# Information provided
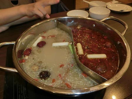 乳白色のスープが白湯スープ、赤色のスープが麻辣スープです。
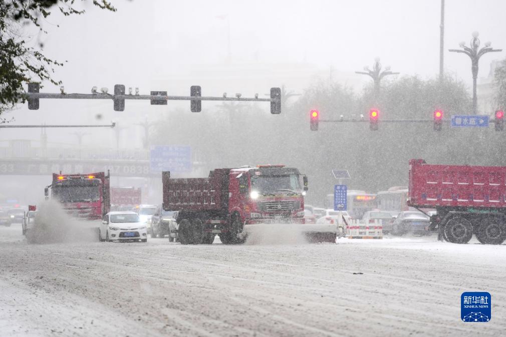 11月6日,在哈爾濱市主干道中山路上,清雪車輛在作業。
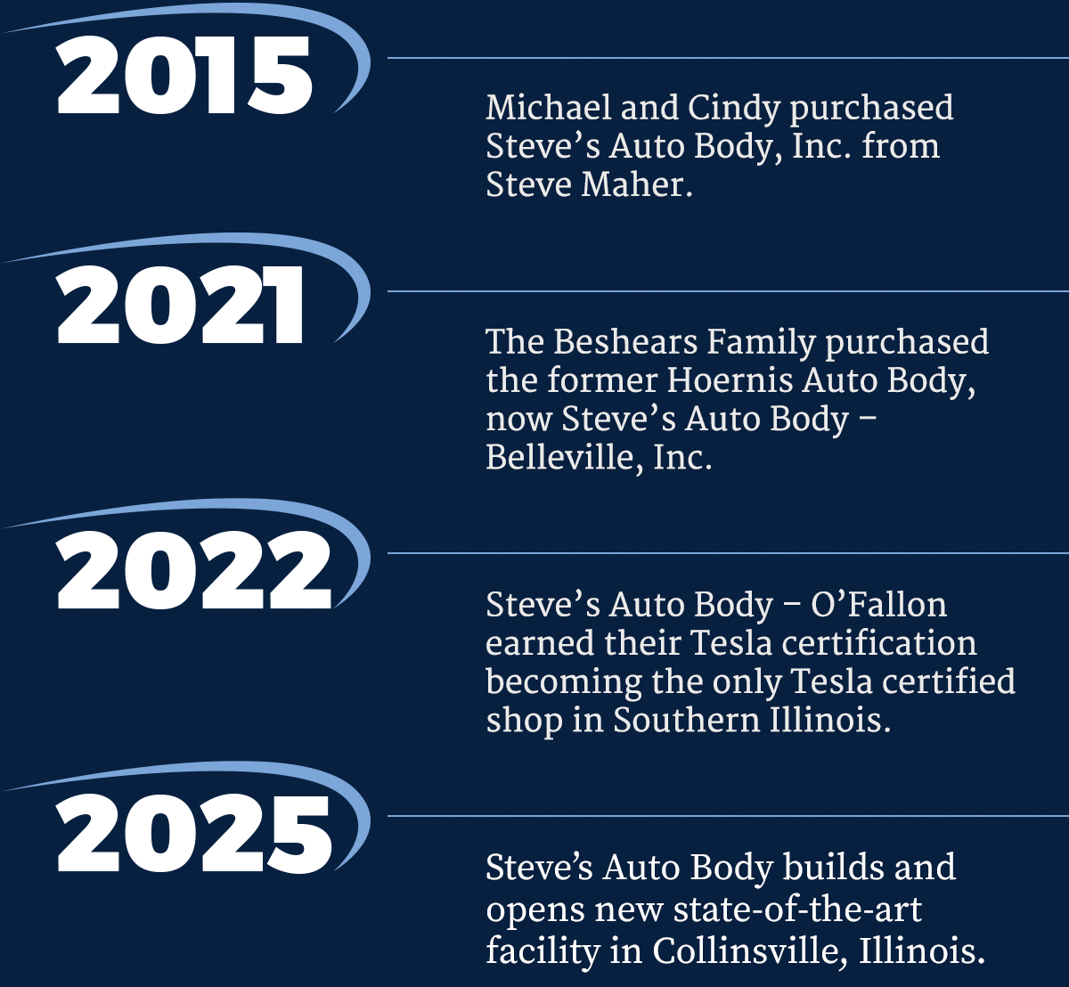 On June 30, 2015, Mike Beshears, a 20 year employee, along with his wife, Cindy, purchased Steve’s Auto Body.
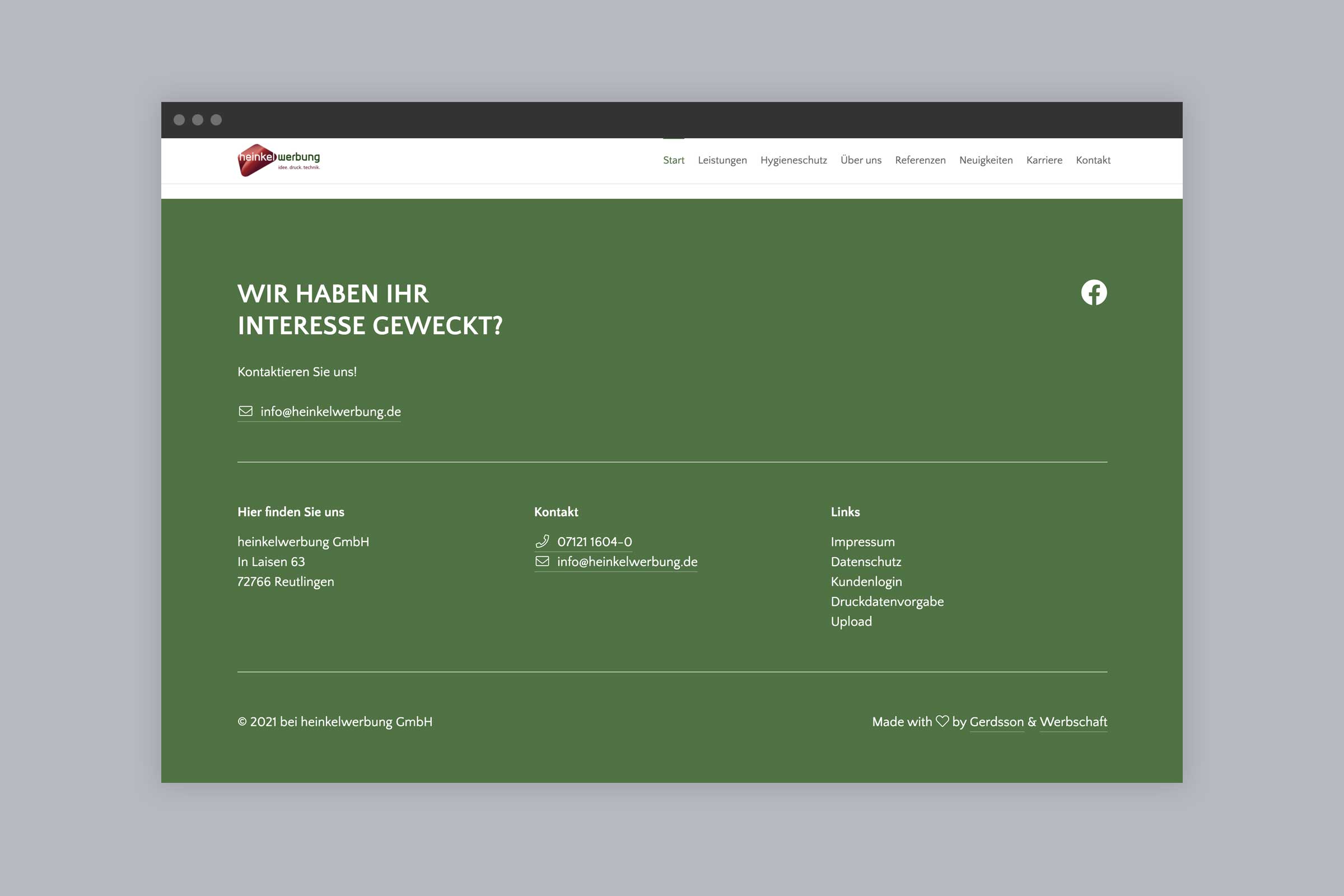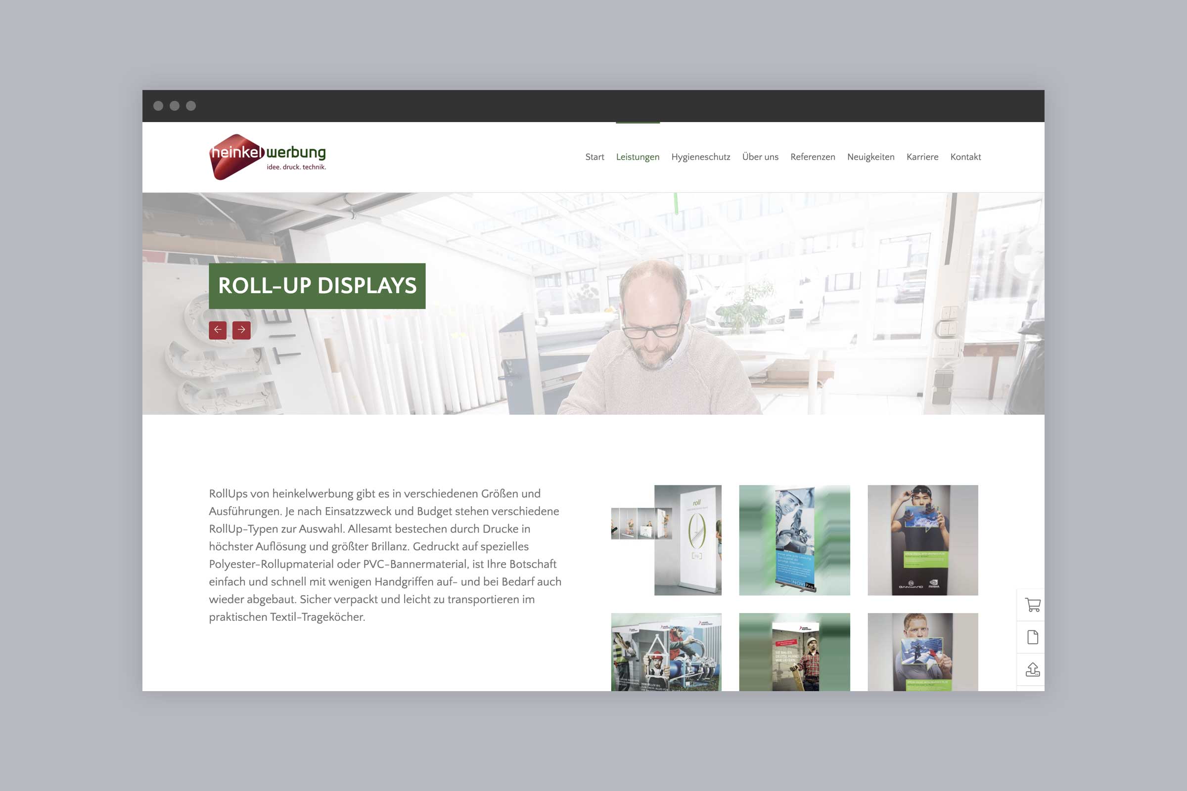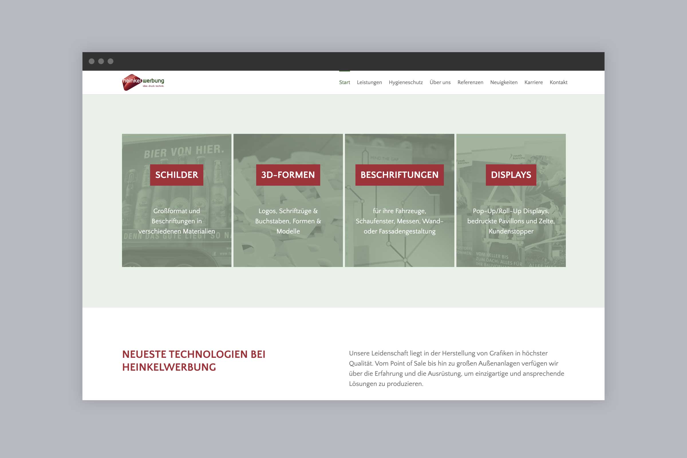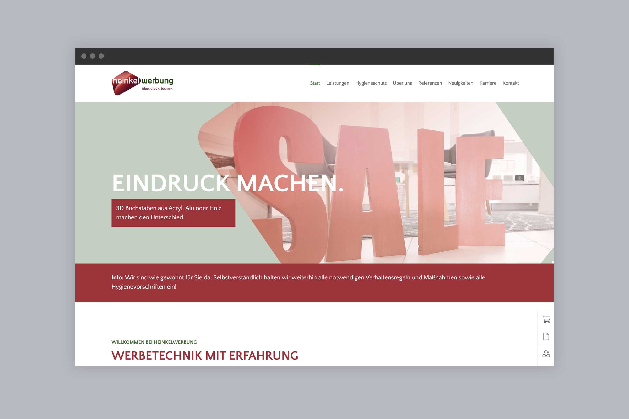 Seitdem Oliver Kehle die Geschäftsleitung der heinkelwerbung übernommen hat betreuen wir den Werbetechniker aus Reutlingen im Bereich Website und Onlineshop. Im Jahr 2020 wurde der komplette Auftritt überarbeitet und die Präsenz des Unternehmens im Internet wurde komplett neu gestaltet.

# Task brief
Begin at the line containing "On June 30, 2015, Mike" and write out every line to the end of the data exactly. Skip the pictures.

# Output of the exercise
 On June 30, 2015, Mike Beshears, a 20 year employee, along with his wife, Cindy, purchased Steve’s Auto Body.
 Seitdem Oliver Kehle die Geschäftsleitung der heinkelwerbung übernommen hat betreuen wir den Werbetechniker aus Reutlingen im Bereich Website und Onlineshop. Im Jahr 2020 wurde der komplette Auftritt überarbeitet und die Präsenz des Unternehmens im Internet wurde komplett neu gestaltet.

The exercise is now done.